BRIEF DESCRIPTION OF THE DRAWINGS

Embodiments herein will hereinafter be described in conjunction with the appended drawings provided to illustrate and not to limit the scope of the claims, wherein like designations denote like elements, and in which:

FIG. 1 shows an exemplary SSD of prior art.

FIG. 2 shows a pairing of dies and blocks in flash sub-system 100, in accordance with an embodiment of the present invention.

FIG. 3a shows a flash management table 150, in accordance with an embodiment of the present invention.

FIG. 3b shows further details of entry 154 of table 152.

FIG. 3c shows further details of entry 164 of table 162.

FIG. 4a shows a flash management table 170, in accordance with another embodiment of the present invention.

FIG. 4b shows further details of entry 174 of table 172.

FIG. 5 shows process flow of the relevant steps performed in scheduling page writes in accordance with an embodiment of the present invention.

FIG. 6a shows process flow of the relevant steps performed in scheduling page read in accordance with an embodiment of the present invention.

FIG. 6b shows process flow of the relevant steps performed in read recovery in accordance with an embodiment of the present invention.

FIG. 7 shows a pairing of dies and blocks in flash sub-system 300, in accordance with another embodiment of the present invention.

FIG. 8a shows a flash management table 330, in accordance with another embodiment of the present invention.

FIG. 8b shows further details of entry 344 of table 342.

FIG. 8c shows further details of entry 344 of table 342.

FIG. 9a shows process flow of the relevant steps performed in scheduling page writes in accordance with another embodiment of the present invention.

FIG. 9b shows process flow of the relevant steps performed in the sub process to erase the next invalid block.

FIG. 10a shows process flow of the relevant steps performed in the sub process to adjust M in accordance with another embodiment of the present invention.

FIG. 10b shows process flow of the relevant steps performed in the sub process to adjust M in accordance with yet another embodiment of the present invention.

DETAILED DESCRIPTION OF PREFERRED EMBODIMENTS

As will be evident in the various embodiments of the present invention, a Solid State Disk (SSD) is disclosed to provide consistent latency and bandwidth independent of workload.

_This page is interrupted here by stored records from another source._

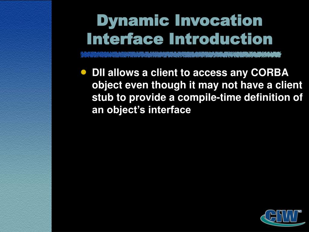 Dynamic InvocationInterface Introduction • DII allows a client to access any CORBA object even though it may not have a client stub to provide a compile-time definition of an object’s interface
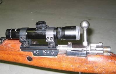 3/8” dovetail side base and a compact shot gun scope on Yugo  M24/47 with straight bolt.
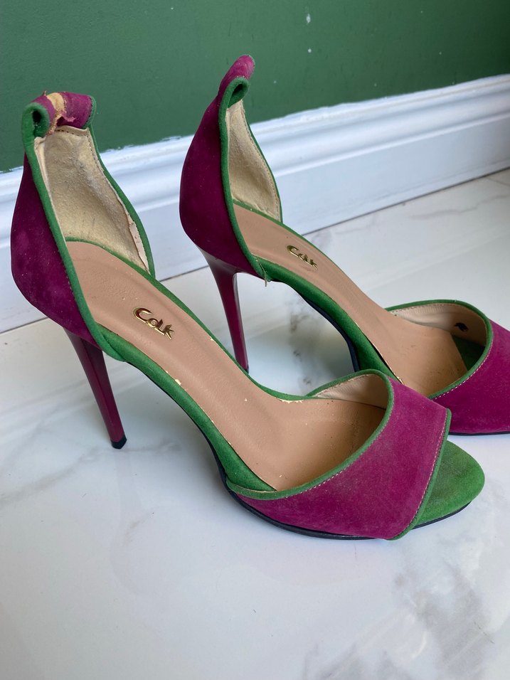 Kadın abiye ayakkabılar süet malzemeden üretilmiş, stiletto topuklu ve pembe-yeşil renklerde. Tokalı detaylarıyla romantik akşamlar için uygun. İpleri deforme olduğu için çıkarttım,birkaç defa giyildi şuan giyilmediği için satıyorum.görüldüğü üzere sadece bir ayakkabının üst kısmı deforme olmuş durumda.İç kısımda gözüken ufak soyulmalar ayakkabı giyildiğinde gözükmüyor.
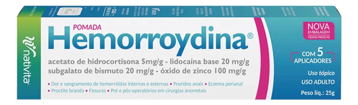 Hemorroydina Pomada 25g da Nativita é apresentada em embalagem prática com bisnaga de 25 g e 5 aplicadores. A fórmula atua como cicatrizante e anti-inflamatória para uso externo, ajudando a manter a pele saudável na área de aplicação. O produto vem com uma apresentação compacta, fácil de aplicar e transportar. Possui características como hipoalergênico e sem fragrância, conforme a linha da marca. Ideal para ter em casa como cuidado simples para a pele local.
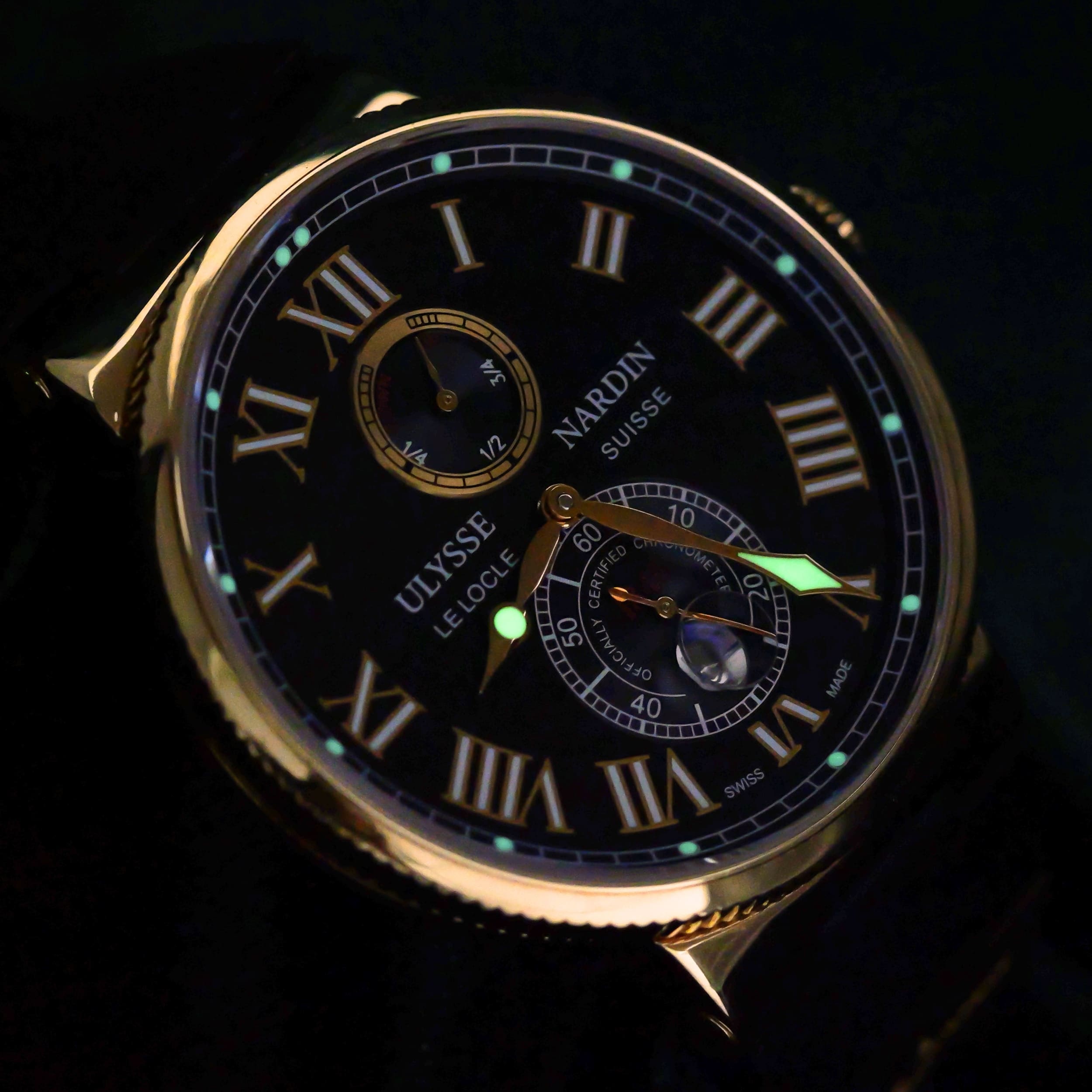 Functions include hours, minutes, small seconds, date, and power reserve indicator. Pulling the crown to the first position allows for quick adjustment of the date, while the outermost position sets the time by moving the hour and minute hands together. The power reserve display updates in real time as the watch is wound, adding both functionality and visual movement to the dial. Lume is present on the hands and hour markers, providing a soft glow in low-light conditions.
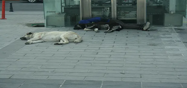 Hemen yanıbaşında uyuyan bu sokak köpeği de adeta Taksim ruhunun görüntüsünü sergiliyor.
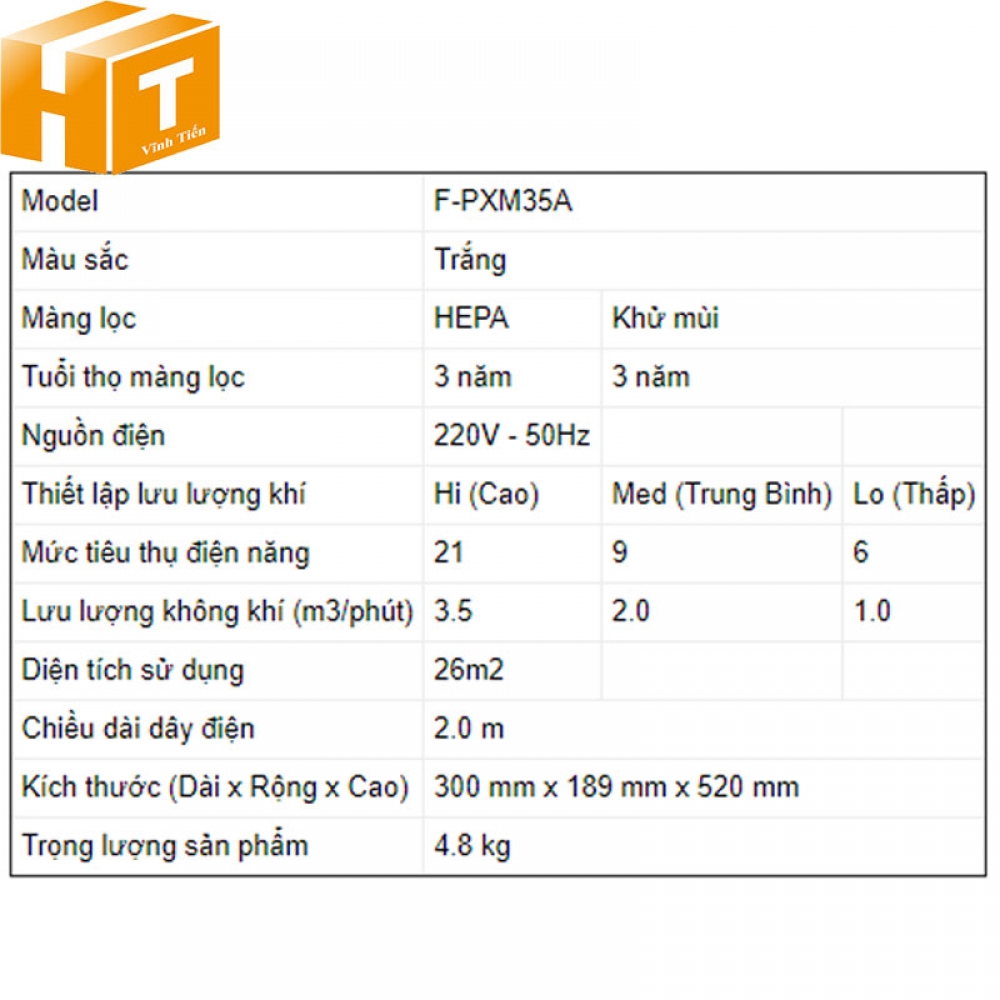 - Tên sản phẩm: Máy lọc không khí F-PXM35A Panasonic

The figures are not intended to be exhaustive or to limit the present invention to the precise form disclosed. It should be understood that the invention can be practiced with modification and alteration, and that the disclosed technology be limited only by the claims and equivalents thereof.

In the following description of the embodiments, reference is made to the accompanying drawings that form a part hereof, and in which is shown by way of illustration of the specific embodiments in which the invention may be practiced. It is to be understood that other embodiments may be utilized because structural changes may be made without departing from the scope of the present invention. It should be noted that the figures discussed herein are not drawn to scale and thicknesses of lines are not indicative of actual sizes.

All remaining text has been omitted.